One of the challenges I often navigate is the negotiation of long-term payment settlements for clients outside of Brazil. Although coming to an agreement with the two parties involved is one aspect, maintaining a viable arrangement amidst unpredictable economic fluctuations is another that requires careful and creative planning.

When I am arranging payment on behalf of my foreign clients, I must be aware of the exchange rate between the Brazilian real and the currency of my clients’ countries. All currencies gain and lose strength regularly, but the recent history of the Brazilian economy has made these fluctuations more pronounced and harder to predict. For example, from 2013 to 2017, the real has decreased against one U.S. dollar from 2.042 to 3.164, a 43% adjustment, and has shifted further just from January to the present.

When payment is being arranged over this time period, the variance must be planned for in the agreement between the parties.

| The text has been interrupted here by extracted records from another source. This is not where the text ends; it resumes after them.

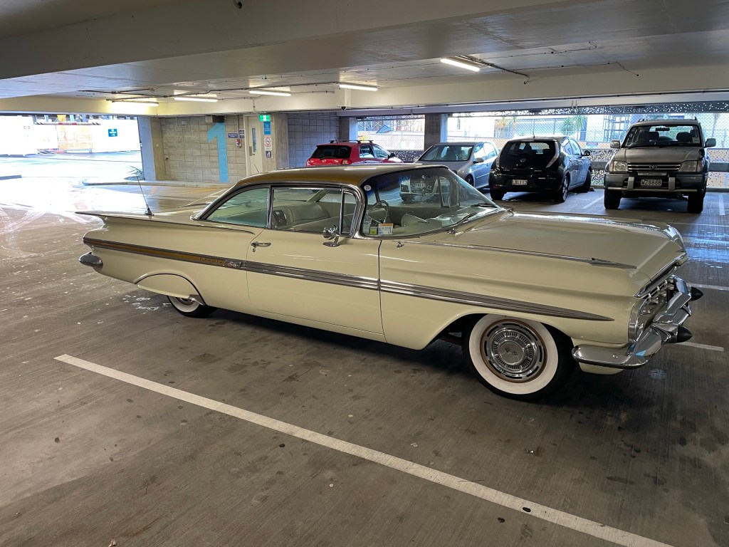 Below is a 1959 Impala who pulled into a garage just ahead of me recently. It was beautiful, but as I watched it jounce over the speed bumps I had a chance to reflect on what I really value in a car. Like, sure, if I were made of money I would let my horizons widen out a bit. But having to limit myself to one? Boringly, the minivan wins every time.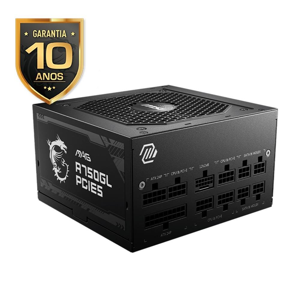 Fonte MSI MAG A750GL, 750W, 80 Plus Gold, Modular, PFC Ativo, Com Cabo, Preto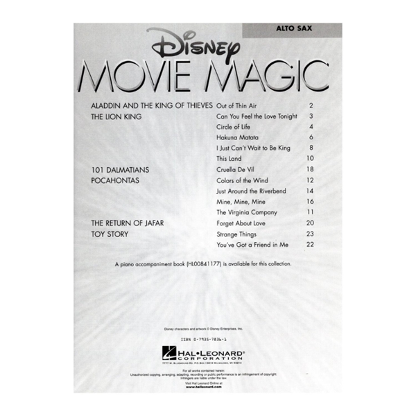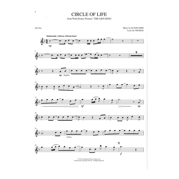 Canções de filmes da Disney para Saxofone Alto Hal Leonard Disney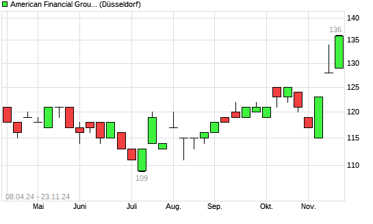 Mit dem Anstieg auf 137,00 EUR hat die American Financial Group-Aktie (ISIN US0259321042) am 22.11.2024 ein neues 12-Monats-Hoch erreicht und damit den Kurs vom 14.11.2024 eingestellt.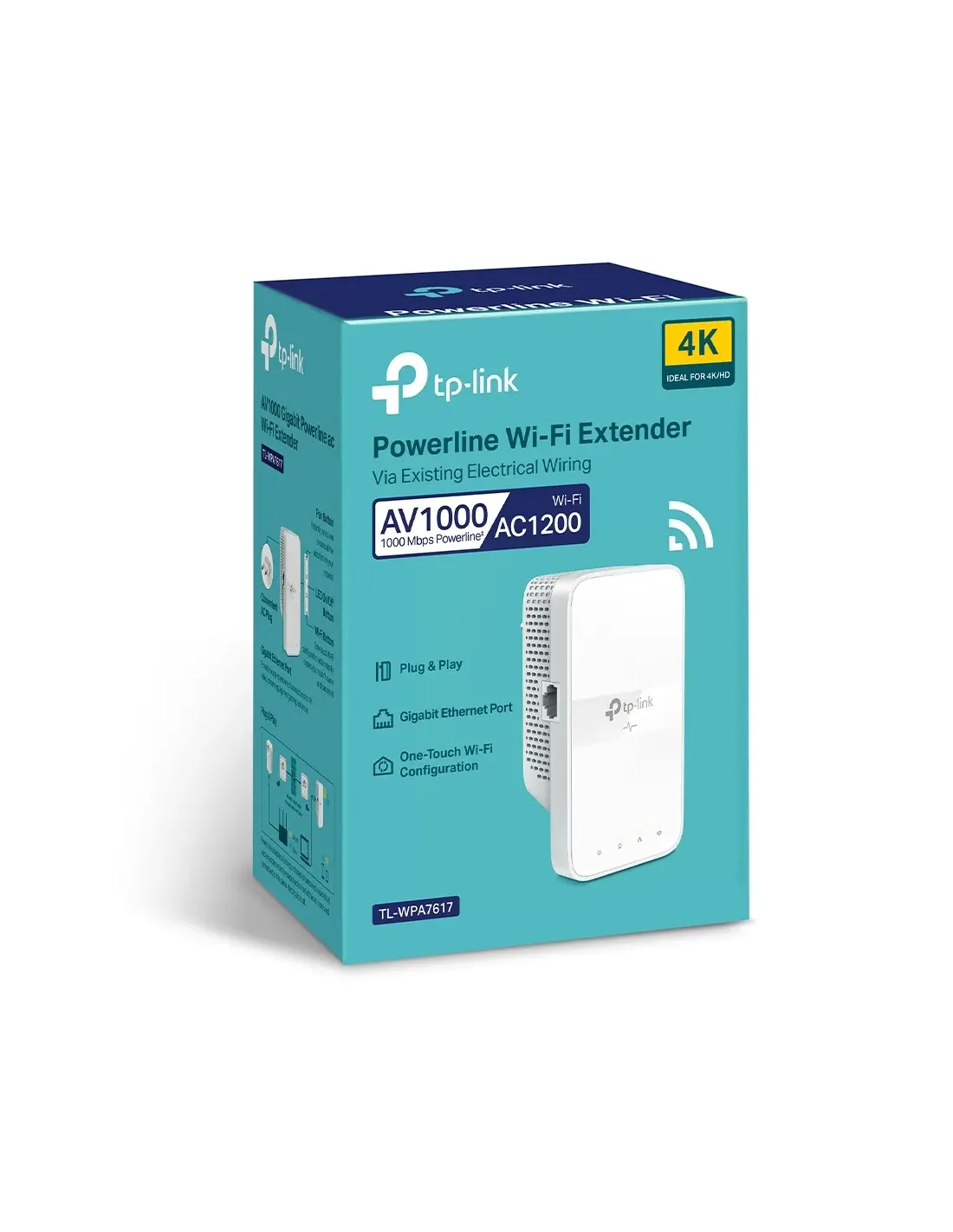 TP-Link TL-WPA7617. Rango máximo de transferencia de datos: 1200 Mbit/s, Estándares de red: IEEE 802.11a, IEEE 802.11ac, IEEE 802.11b, IEEE 802.11g, IEEE 802.11n, IEEE 802.3, IEEE 802.3ab,..., Conector: Tipo E / F. Consumo energético: 6,5 W. Color del producto: Blanco, Tipo de antena: Interno. Ancho: 69,5 mm, Profundidad: 35 mm, Altura: 124,1 mm. Certificados de conformidad: CE, RoHS

While payment over more than a year is not always the ideal solution, it can certainly be the preferable option in Brazil. When faced with the choice of litigation or a long-term settlement, many choose the latter because processing a claim through our courts can take as long as five years, at significant upfront cost, and with no guarantee of payment. When this is the case, accepting payments over multiple years seems to be the best resolution. 

But agreeing to a regular payment amount and time frame is not sufficient when you expect to see a change in the exchange rate over the course of the payoff period. For example, if the real falls in comparison to the U.S. dollar, the debtor must use more reals to maintain the installments, and depending upon the continuing devaluation, this may force the debtor to stop the installments.

In anticipation of these fluctuations, I often need to build in flexibility to satisfy both parties. For instance, if the real weakens against the dollar by over 20% over a period of six months, the debtor will be allowed to pay an agreed-upon, predetermined smaller amount in the foreign currency with an extended time frame. Conversely, if the real gains over six months by over 20%, the payment amounts will increase along with a shorter time frame. 

I have found this approach to be an equitable and pre-emptive way to prepare my client and the debtor for the unavoidable fluctuations that may occur. It also means:  

  • Avoiding renegotiation with the debtor each time the rate significantly changes.
  • Not needing to seek repeated approvals from the client.
  • Saving time to draw up and obtain confirmation on new agreements.
  • Minimizing the risk that the debtor may default on a long-term payment plan.

In addition to minimizing the impact of exchange rate fluctuations, the agreements are created such that:

  • Payments are pegged to strong currencies, such as the U.S. dollar, euro, or British pound.
  • Interest may also be charged, especially when installments and payment terms become smaller and longer, respectively.
  • As a Confession of Indebtedness, signed by both parties, they are an enforceable document upon default.
  • Wire transfer fees are borne by the debtor.